Grid Engine sites should consider supporting the GESS: https://forge.in2p3.fr/projects/gess/wiki

- Tickets

Only 20 open tickets this week.

NGI:
https://ggus.eu/ws/ticket_info.php?ticket=80535
Chris ticketed the Manchester-based VOMS server admins to "fix" his sno+ membership on the VOMS webserver. Robert Frank applied a fix to Chris's cert and also sent a long post explaining the situation to TB-SUPPORT. Are things better now?

https://ggus.eu/ws/ticket_info.php?ticket=80259
Tracking the creation of the new neuroscience related VO. Do we have a name yet?

Mark: not sure about the name; will follow up

Oxford:
https://ggus.eu/ws/ticket_info.php?ticket=80554
Sno+ also need the bzip2-devel packages installed on WNs.
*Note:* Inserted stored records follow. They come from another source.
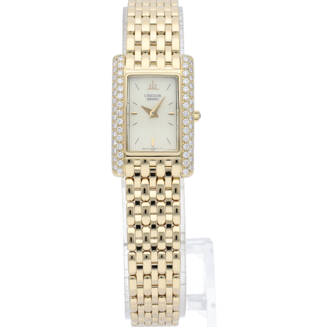 国産ブランド「セイコー」を代表するドレスウォッチライン「クレドール」。上品なイエローゴールドを贅沢に使用、デザイン性も良く、ベゼルにはダイヤモンドが施されたエレガントな1本。
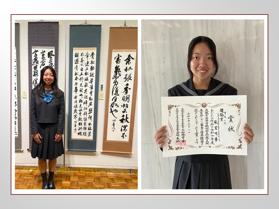 「令和7年度茨城県高等学校総合文化祭書道部門」において、本校 書道部の秋葉明華さん(2年)が奨励賞を受賞し、菅野心音さんが入選しました。
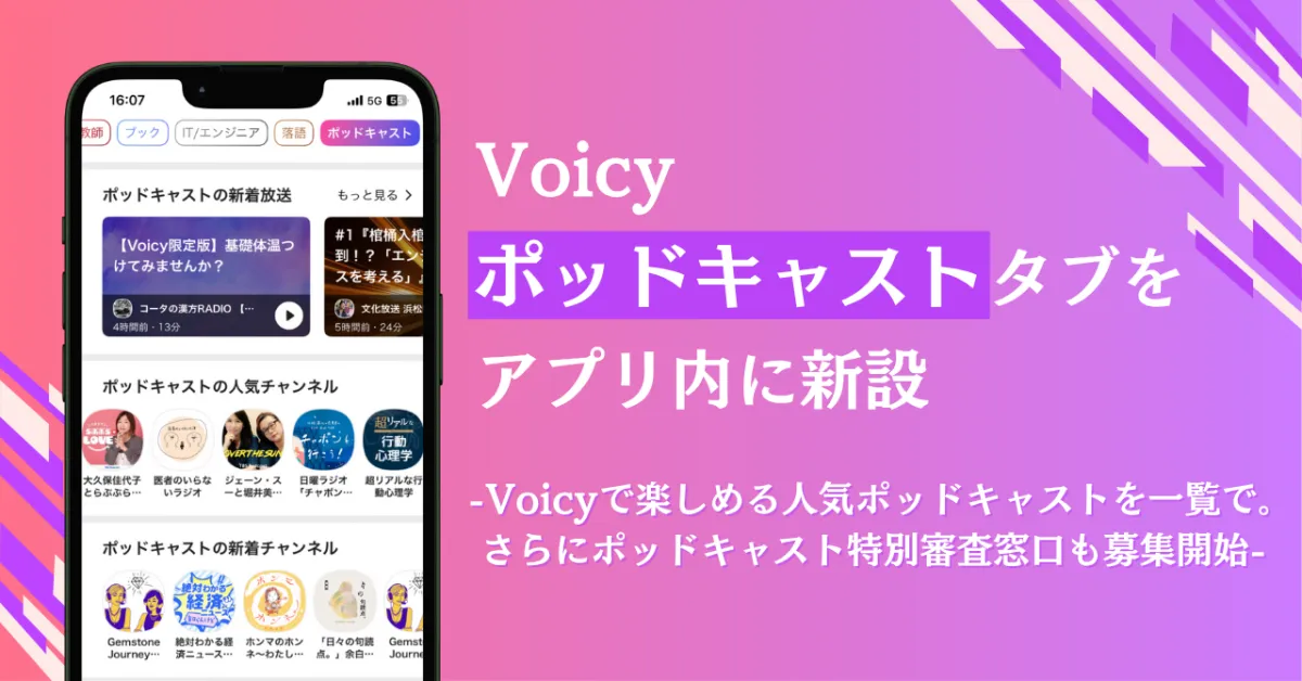 音声コンテンツプラットフォームのVoicyは、リスナーとパーソナリティの双方のニーズを考慮し、新たに「ポッドキャスト」タブをアプリに追加しました。これにより、人気のポッドキャスト番組や新着エピソードが一目でわかるようになり、リスナーはより多様な音声体験を楽しめるようになります。
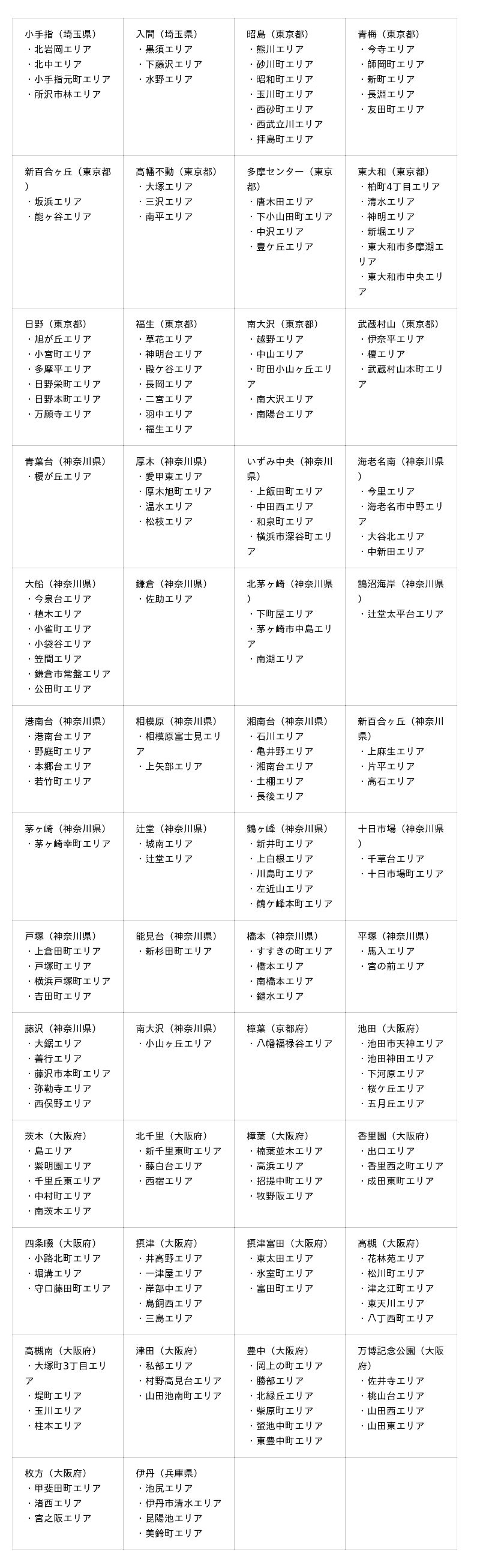 ●デリバリーサービスエリア詳細
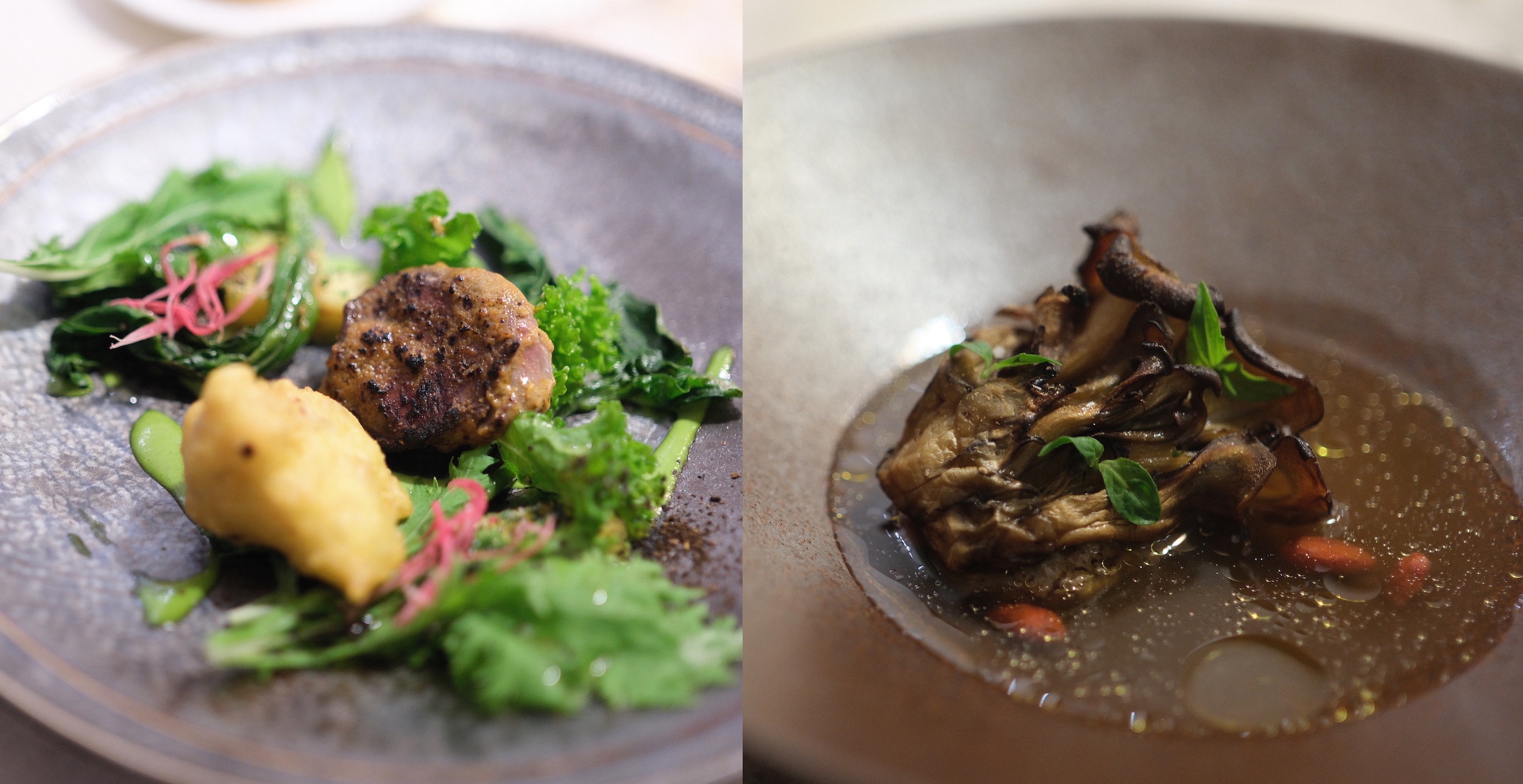 坦都里羅惹沙拉(左)將鴨心做成肉餅炙烤。香煎舞菇鴨肝(左)則將肥腴的鴨肝配上風味濃郁的舞菇。

They're having trouble updating their VO card with this information.

Glasgow:
https://ggus.eu/ws/ticket_info.php?ticket=80371
Following on from last week, Sno+ requested support on the Glasgow WMS. Glasgow are working on it, but things are currently "on fire". Sno+ support will be enabled once they're out of the current downtime.

Durham:
https://ggus.eu/ws/ticket_info.php?ticket=80407
enmr.eu users reporting "disk full"-like errors on their jobs. As a thought could these errors actually be on the WMS?

Sam: will follow

https://ggus.eu/ws/ticket_info.php?ticket=79880
LHCB were seeing Maradona errors. Do the problems persist? I see that Durham is still banned on the LHCB Production page.

UCL:
https://ggus.eu/ws/ticket_info.php?ticket=80331
UCL having dpm problems, affecting atlas transfers. Apparently the dpm service had died (sounds familiar to problems Lancaster & RHUL have been seeing over the last few weeks, discussed on the storage lists). Request from Ben for information about which pages to use to monitor the DDM status of his site.

Tier-1:
https://ggus.eu/ws/ticket_info.php?ticket=80119
Sno+ having trouble building ROOT at RAL. g++ versions seem the same at RAL as they are in Sussex, where ROOT builds fine. Has anyone seen a similar problem getting ROOT to build before?

Solved Cases from the last week:

A few tickets from hone (80572, 80482 & 80483, at RHUL, Birmingham & RALPP), all
attributed to hone being "drowned out" by LHC jobs and having comparatively
lower priorities.

https://ggus.eu/ws/ticket_info.php?ticket=80538
Lancaster got bitten by a wierd dpm problem. If you ever notice your dpm
daemon has died check dmesg & the syslog for dpm segfault error messages.

11:40
March GDB (15')

- The meeting took place last Wednesday: https://indico.cern.ch/conferenceDisplay.py?confId=155066.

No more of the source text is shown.